Life insurance agents in Texas are plaintiffs in a federal lawsuit challenging the U.S. Department of Labor’s enforcement of a new fiduciary standard applied to the rollover of ERISA benefits into individual retirement accounts (IRAs). The Texas action was filed on Feb. 2 in the Northern District in Dallas. A week later, the American Securities Association filed a similar petition in the Middle District of Florida.
The Federation of Americans for Consumer Choice is the lead plaintiff in Texas, along with six named licensed insurance agents, four of whom have businesses in the Greater Dallas/Fort Worth area. The others are in Lubbock and El Paso. The Texas plaintiffs allege that the Department of Labor exceeded its authority by triggering higher standards of care from life agents through a new interpretation of fiduciary. The new interpretation is embodied in the 64-page preamble to a rule adopted in 2019 with postponed enforcement until Feb. 1, 2022.

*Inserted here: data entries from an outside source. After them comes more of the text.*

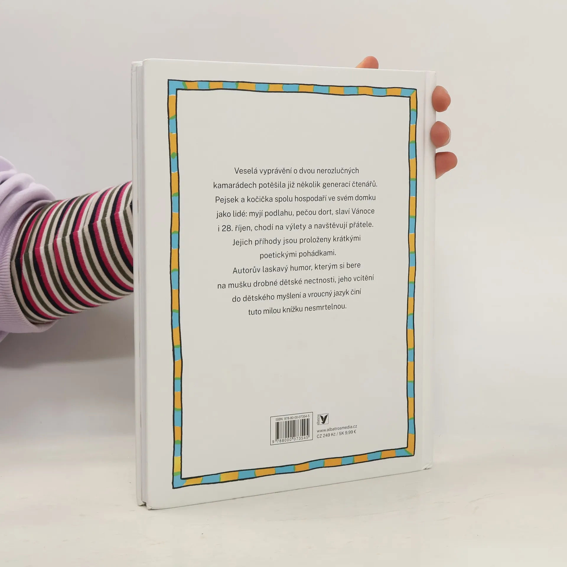 Veselé a vtipné vyprávění o pejskovi a kočičce, kteří spolu hospodaří v malém domečku a snaží se všechno dělat jako lidé. Jak pejsek s kočičkou pekli dort, jak dělali dětem Mikuláše a čerta, jak zachraňovali odhozené hračky i spoustu dalších úsměvných vyprávění najdou děti v této, dnes již klasické, knížce. Kultivovaný jazyk, spousta nápadů i zdařilé ilustrace autora řadí tuto knihu mezi nejlepší tituly literatury pro děti.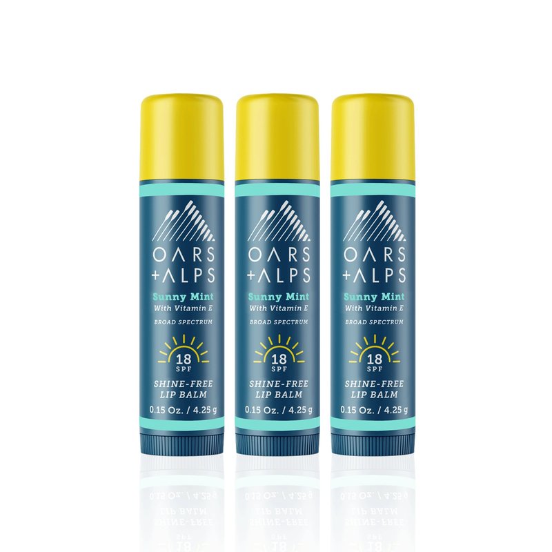 Oars + Alps Shine Free Lip Balm and SPF 18 Sunscreen, Lip Care with Sunny Mint Scent, Water and Sweat Resistant, 0.15 Oz Each, 3 Pack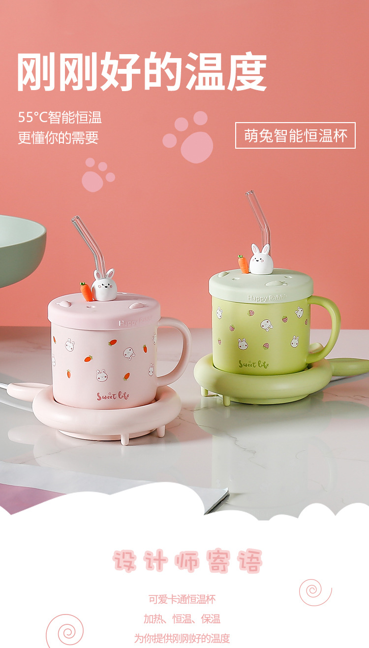 55 도 따뜻한 컵 뚜껑 절연 토끼 일정한 온도 컵 일정한 온도 코스터 겨울 선물 만화 세라믹 머그잔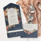 Eine wunderschöne Herbsthochzeit mit ihren Namen in Kalligraphie-Schriftzeichen, eingebettet in einen Bogen von Aquarellfarben-Blume und Botanicals in abgedämpften Erdtönen wie Bordeaux-Marsala, Rose, Elfenbein und Salbei-Grün. Personalisieren Sie Ihre Hochzeitsdetails unten. Die beiliegende RSVP-Karte und der Faltstil machen diese Einladung zu einer ansprechenden Wahl.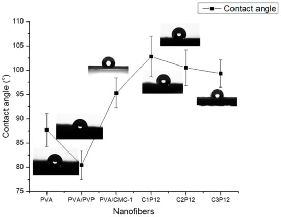 The hydrophilic or hydrophobic nature of polymeric nanofibers plays an important role while targeting final applications []. Food packaging should be hydrophobic to sustain in the wet and moist environment. Hydrophilicity of substance may be analyzed by calculating the water contact angle (WCA). WCAs of crosslinked PVA, PVA/PVP, and CMC based composite nanofibers were calculated to evaluate the degree of hydrophilicity/hydrophobicity of nanofibrous mats. It was stated in the literature that nanofibers of uncrosslinked PVA tend to be hydrophilic while the water contact angle increases with an increasing degree of crosslinking. It also depends on the type of crosslinking agents used to crosslink PVA, and the method of crosslinking as well []. Figure 4 shows contact angles for each sample. It can be observed that the water contact angle of crosslinked PVA was observed at 87.7° while it shows a slight decrease (80.4˚) in the case of PVA/PVP nanofibers. The addition of CMC caused an increase in the water contact angle of nanofiber mats. WCA for PVA/CMC, C1P12, C2P12, and C3P12 were recorded at 95.3°, 102.8°, 100.5°, and 99.3° respectively. An increase in the contact angle may be because of interchain and intrachain bonding of PVA, CMC, and PVP in the result of crosslinking. It was concluded that all nanofibers containing CMC possess enough hydrophobicity to be used in food packaging applications. However, hydrophobicity may be increased by further crosslinking of nanofibers but that will lead to the reduction of biodegradability of CMC based nanofibers.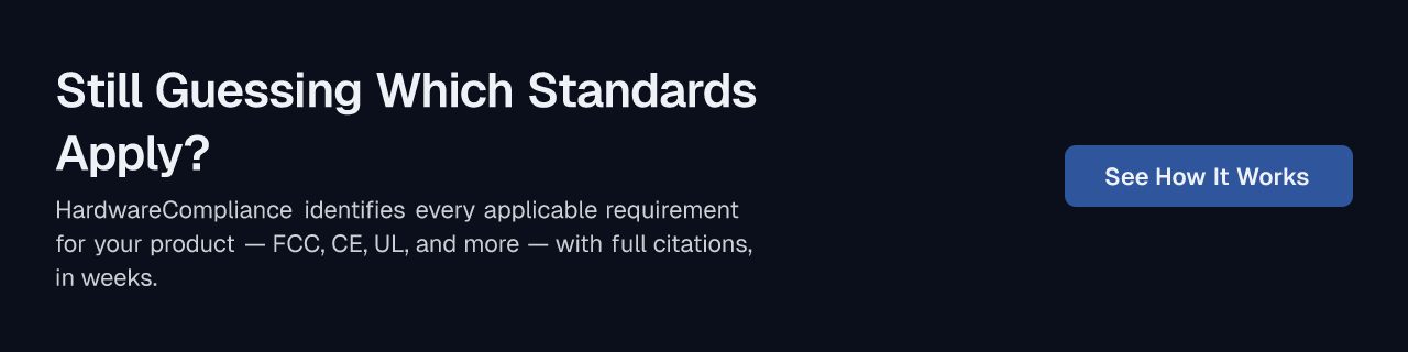 The cost of a compliance misstep is a delayed launch. If you'd rather automate the roadmap than manage it manually, book a call to see how HardwareCompliance's AI-driven platform can help.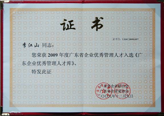 近日,在2009年广东省企业发展高峰论坛上,公司董事长、总经理李江山被评为“广东省企业优秀管理人才”,并入选《广东省企业优秀管理人才库》。 此次评选活动,由广东省企业联合会、广东省企业家协会发起和审核,全省共选出100名企业优秀管理人才。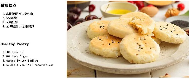 绿豆饼 Mung Bean Pastry 绿豆饼是选择优质面粉深加工后,配备营养丰富的绿豆馅,并运用专用的配 料,加工而成,其松、香、酥、软、香醇诱人、细腻香软,是市场火爆的特色传 统糕点小吃。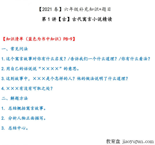 2021六年级大语文直播班(达吾力江)古代寓言小说赏读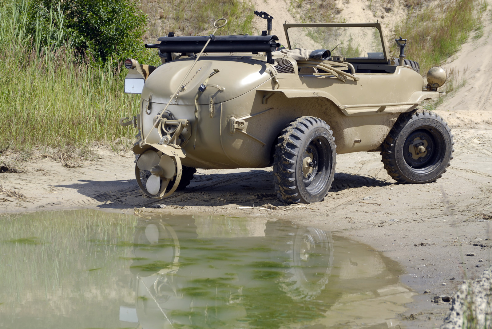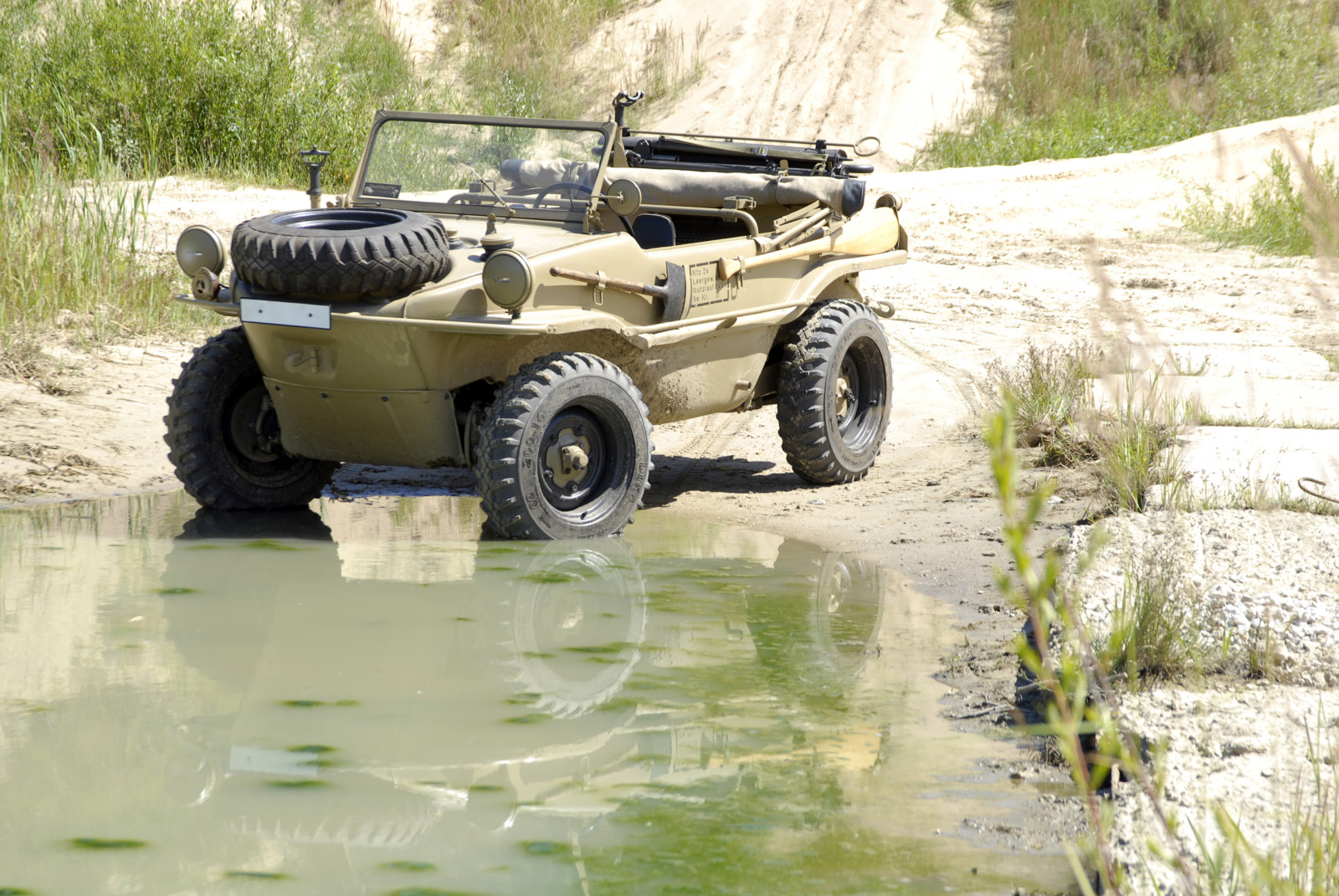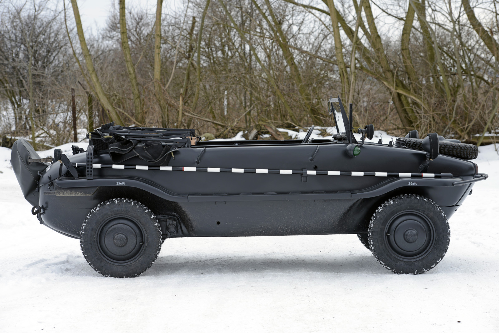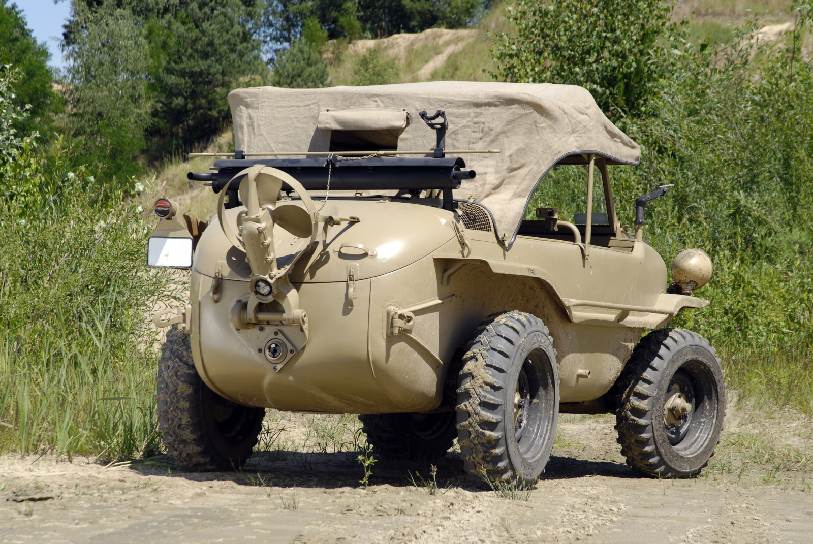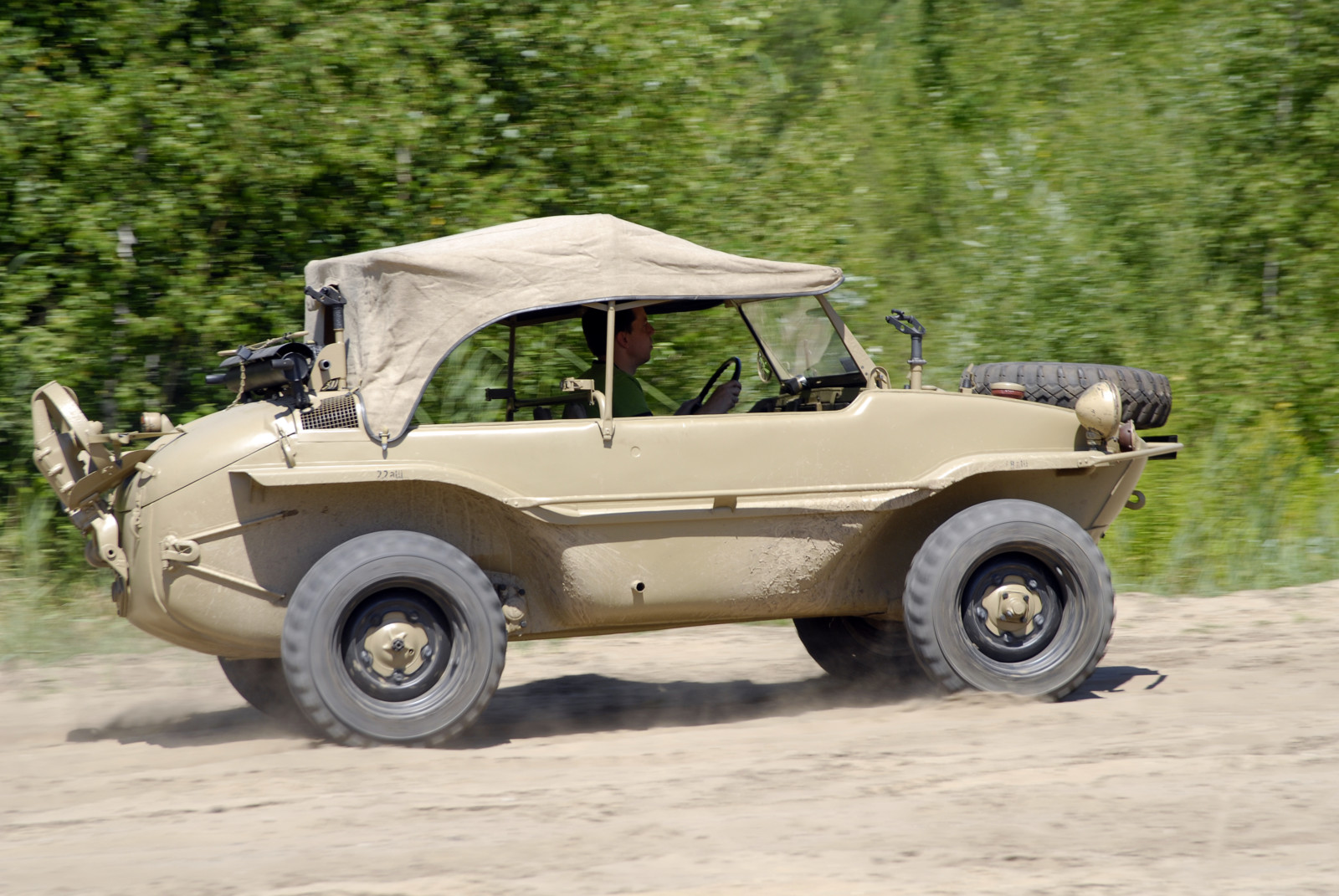 Ciemnoszare auto, które widzicie na zdjęciach, ma numer 19, pochodzi z pierwszej partii 30 prototypów Typ 128 z roku 1940. Druga widoczna na zdjęciach amfibia koloru piaskowego to Typ 166 po restauracji. Aut Typu 166 wyprodukowano podczas wojny ponad 14 tysięcy.

The Texas plaintiffs said that the DOL’s new interpretation is a rehash of a rule originally adopted in 2016, but rebuked by a 2018 U.S. Fifth Circuit Court of Appeals decision, when the DOL’s fiduciary rule replaced the five-part test of a 1975 rule to determine which transactions fell within DOL’s regulatory reach. While DOL enforcement of the newest rule and its interpretation began Feb. 1, the rule itself does not repeal or replace the five-part test. Instead, the rule changes a prohibited transaction exemption that, under the preamble’s text, leads to the same end: Because he receives a commission, an insurance agent involved in the replacement of ERISA benefits with an IRA would become “categorized as an investment advice fiduciary under the 1975 rule” as he might have a continuing advisory investment role with his customer.
The petition quotes from the new rule’s purpose: “to regulate in an entirely new way hundreds of thousands of financial service providers and insurance companies in the trillion-dollar markets for ERISA plans and IRAs.” The plaintiffs argue that this effort by DOL is “impermissible” and inconsistent with the statutory provisions of ERISA and Internal Revenue Code, the same arguments that were used to nullify the 2016 rule.
The petition says, “Pouring the same old wine into a new bottle does not change the result.”
The American Council of Life Insurers released a white paper during the comment period for the rule predicting that the rule would result in the unintended consequence of 10 million households losing access to financial professionals and increase the wealth gap by reducing projected IRA balances of Black and Hispanic Americans by 20 percent over 10 years.
The Florida lawsuit is a complaint against the guidance issued by DOL regarding the new rule, where DOL makes it clear how it intends to enforce the rule. The ASA petition alleges that the guidance is in fact “rule” and should have been adopted in accordance with the Administrative Procedure Act which would have allowed for public comment.
“If the Department wanted to change its rules, it needed to go through the required notice-and-comment process – not through guidance documents,” the lawsuit says.
Texas plaintiffs include John Lown, Lown Retirement Planning, Dallas; David Messing, Collin County; Miles Financial Services, Lubbock; Jon Bellman, Bellman Financial, Collin County; Golden Age Insurance Group, El Paso, and V. Eric Couch, ProVision Brokerage, Denton County. All the agent plaintiffs are members of Federation of Americans for Consumer Choice. The lawsuit indicates that FACC has additional members who will be directly and adversely affected by the rule.